Work to be completed — From the records below, transcribe exactly the lines that begin at the line with "蔡昭从MBA论文写作的实际需" and end at the line with "CORNICE IN BOSSO, CINA", both included.

Material to process —
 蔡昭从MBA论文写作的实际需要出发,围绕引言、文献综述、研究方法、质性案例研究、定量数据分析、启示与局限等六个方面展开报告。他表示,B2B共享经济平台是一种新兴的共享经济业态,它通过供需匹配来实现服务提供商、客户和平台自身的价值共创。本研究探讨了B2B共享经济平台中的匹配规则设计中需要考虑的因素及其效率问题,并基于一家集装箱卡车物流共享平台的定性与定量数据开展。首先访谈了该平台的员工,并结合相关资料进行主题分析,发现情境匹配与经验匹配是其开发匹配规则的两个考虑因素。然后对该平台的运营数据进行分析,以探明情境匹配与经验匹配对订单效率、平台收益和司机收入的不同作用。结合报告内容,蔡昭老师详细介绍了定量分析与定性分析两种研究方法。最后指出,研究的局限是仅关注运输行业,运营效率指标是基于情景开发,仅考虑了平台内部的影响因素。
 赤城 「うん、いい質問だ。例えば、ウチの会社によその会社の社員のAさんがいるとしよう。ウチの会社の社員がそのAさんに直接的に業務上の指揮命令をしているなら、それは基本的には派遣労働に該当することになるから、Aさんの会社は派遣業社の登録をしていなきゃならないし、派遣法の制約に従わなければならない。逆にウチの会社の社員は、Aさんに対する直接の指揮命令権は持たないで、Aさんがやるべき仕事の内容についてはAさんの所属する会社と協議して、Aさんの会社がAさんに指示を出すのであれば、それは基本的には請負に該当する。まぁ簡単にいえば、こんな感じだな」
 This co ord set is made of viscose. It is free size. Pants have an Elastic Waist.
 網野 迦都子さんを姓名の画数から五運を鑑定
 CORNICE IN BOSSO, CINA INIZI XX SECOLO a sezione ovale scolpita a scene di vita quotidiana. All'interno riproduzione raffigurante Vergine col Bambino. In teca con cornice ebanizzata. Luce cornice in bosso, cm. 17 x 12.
* * *
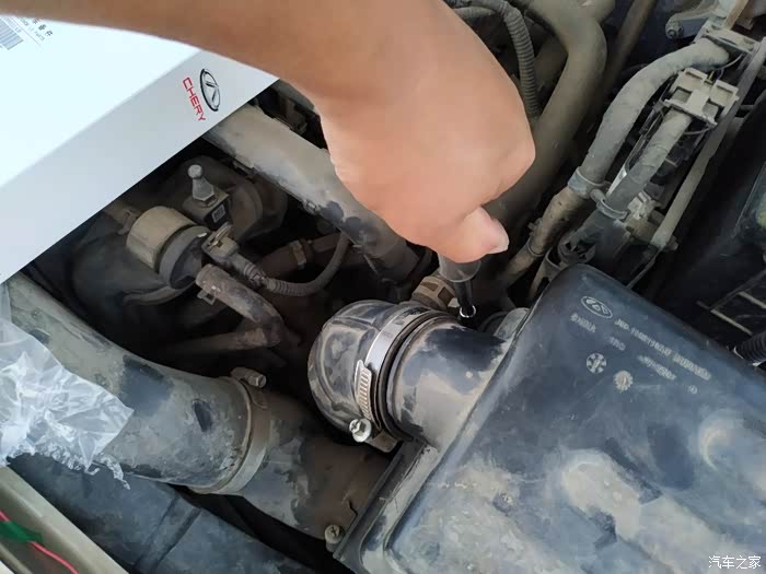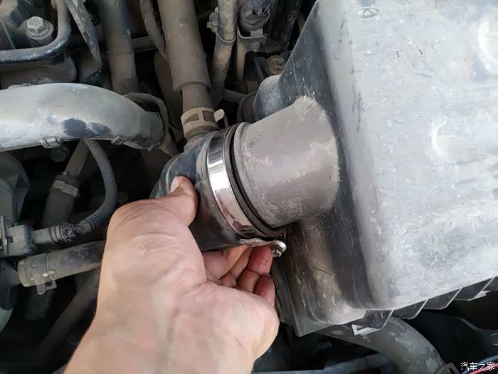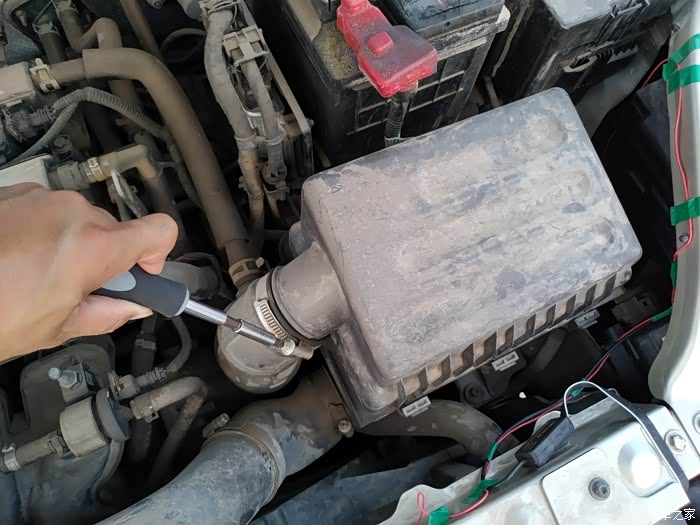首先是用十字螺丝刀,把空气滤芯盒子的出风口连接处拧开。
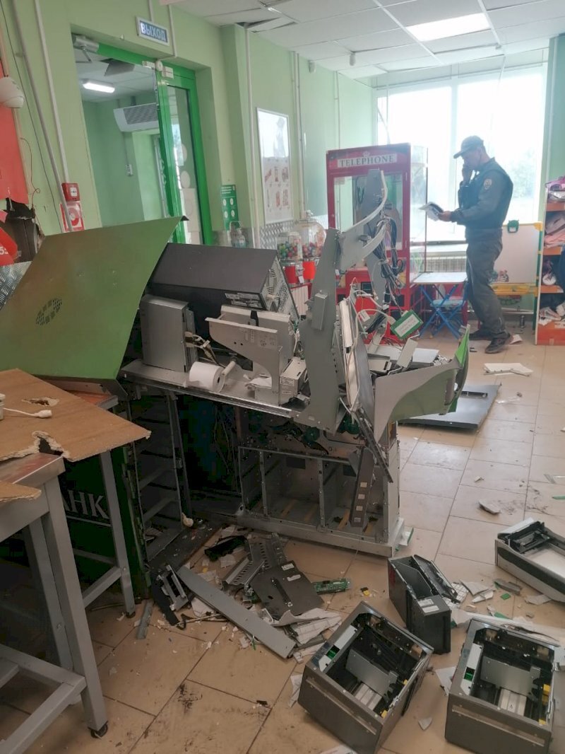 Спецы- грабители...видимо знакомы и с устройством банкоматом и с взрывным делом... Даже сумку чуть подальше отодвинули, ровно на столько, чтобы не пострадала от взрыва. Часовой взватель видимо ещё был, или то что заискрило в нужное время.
--
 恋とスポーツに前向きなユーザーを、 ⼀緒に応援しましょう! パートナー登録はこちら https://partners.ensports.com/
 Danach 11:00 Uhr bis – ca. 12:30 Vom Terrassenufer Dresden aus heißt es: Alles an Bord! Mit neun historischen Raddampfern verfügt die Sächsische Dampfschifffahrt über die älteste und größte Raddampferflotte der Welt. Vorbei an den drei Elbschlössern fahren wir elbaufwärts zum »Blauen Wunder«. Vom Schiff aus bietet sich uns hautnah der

Response to this exercise —
 蔡昭从MBA论文写作的实际需要出发,围绕引言、文献综述、研究方法、质性案例研究、定量数据分析、启示与局限等六个方面展开报告。他表示,B2B共享经济平台是一种新兴的共享经济业态,它通过供需匹配来实现服务提供商、客户和平台自身的价值共创。本研究探讨了B2B共享经济平台中的匹配规则设计中需要考虑的因素及其效率问题,并基于一家集装箱卡车物流共享平台的定性与定量数据开展。首先访谈了该平台的员工,并结合相关资料进行主题分析,发现情境匹配与经验匹配是其开发匹配规则的两个考虑因素。然后对该平台的运营数据进行分析,以探明情境匹配与经验匹配对订单效率、平台收益和司机收入的不同作用。结合报告内容,蔡昭老师详细介绍了定量分析与定性分析两种研究方法。最后指出,研究的局限是仅关注运输行业,运营效率指标是基于情景开发,仅考虑了平台内部的影响因素。
 赤城 「うん、いい質問だ。例えば、ウチの会社によその会社の社員のAさんがいるとしよう。ウチの会社の社員がそのAさんに直接的に業務上の指揮命令をしているなら、それは基本的には派遣労働に該当することになるから、Aさんの会社は派遣業社の登録をしていなきゃならないし、派遣法の制約に従わなければならない。逆にウチの会社の社員は、Aさんに対する直接の指揮命令権は持たないで、Aさんがやるべき仕事の内容についてはAさんの所属する会社と協議して、Aさんの会社がAさんに指示を出すのであれば、それは基本的には請負に該当する。まぁ簡単にいえば、こんな感じだな」
 This co ord set is made of viscose. It is free size. Pants have an Elastic Waist.
 網野 迦都子さんを姓名の画数から五運を鑑定
 CORNICE IN BOSSO, CINA INIZI XX SECOLO a sezione ovale scolpita a scene di vita quotidiana. All'interno riproduzione raffigurante Vergine col Bambino. In teca con cornice ebanizzata. Luce cornice in bosso, cm. 17 x 12.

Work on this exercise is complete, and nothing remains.